The challenges of combination therapies are manifold. The cellular effects of the combination of IR and immunotherapy are at least in part different than the combinatorial effects of IR and chemotherapy [40], [114]. Thus, “common knowledge” in radiation biology might have to be reconsidered. As shown for bispecific antibodies, combination therapies might even decrease anti-tumour effects, e.g., in the case of large tumours. There are intense discussions about radiotherapy dose, fractionation, timing as well as therapy sequencing [120], [121], [122]. The common notion is that hypofractionated, stereotactic radiation might be of advantage, yet this leaves the question of how immunotherapy can be combined with primary or neoadjuvant normofractionated radiotherapy of larger treatment volumes encompassing adjuvant lymph node regions. Current clinical trials mostly start immunotherapy after curative radiation e.g. in non-small cell lung cancer or they combine stereotactic body radiotherapy with immunotherapy regimens. Yet, the most successful fractionation and sequencing might differ depending on the applied immunotherapy, tumour type and patient inherent factors. Radiotherapy might also be used in immunotherapy refractory disease to induce a secondary response with continuation of the treatment. Furthermore, combinatorial regimens might induce abscopal effects in non-irradiated lesions in oligometastastatic patients.

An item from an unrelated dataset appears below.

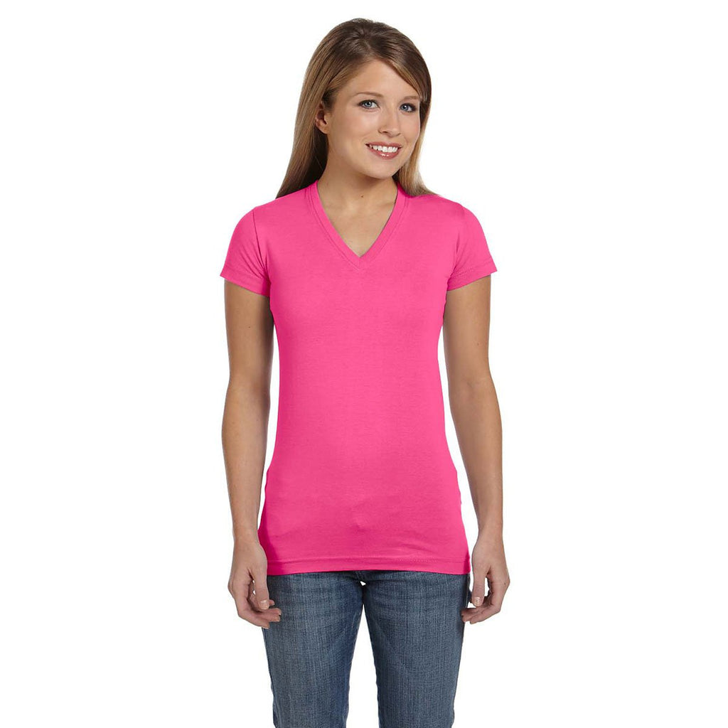 The cotton ringspun layout of this LAT Women's Hot Pink Junior Fit V-Neck Fine Jersey T-Shirt is the perfect canvas for your company's custom logo. The fine curve on the shirt is flattering and provides a youthful feel. The V-neck layout adds a modern touch with a topstitched and ribbed design. Combined with your custom logo, this shirt is the perfect choice for a company giveaway. It also works well at casual recruiting events and can be suitable for a company athletic event if desired.Highlights

In summary, the combination of immunotherapy and radiotherapy might be a way to long-term cancer control and survival for a large number of cancer patients and might avoid aggressive systemic therapies. The range of immunotherapeutics that might be combined with IR is much broader than checkpoint inhibition (Fig. 1). The further developments in this fascinating area will have to focus on the regimens and immunotherapeutics used in different clinical settings of metastatic or localized disease in different cancer types.

Fig. 1

Tumour irradiation leads to cell death and a release of danger molecules. The tumour microenvironment and cytokine milieu is also altered by irradiation. T cell priming and T cell recruitment is enhanced through irradiation. This is the rationale for combining irradiation with CAR T cells and bispecific antibodies. Vaccination might be enhanced by irradiation through neoantigen release and triggers anti-tumour immune responses. Immunocytokines are able to alter the tumour microenvironment to enhance anti-tumour immune responses and lead to T cell recruitment into the tumour.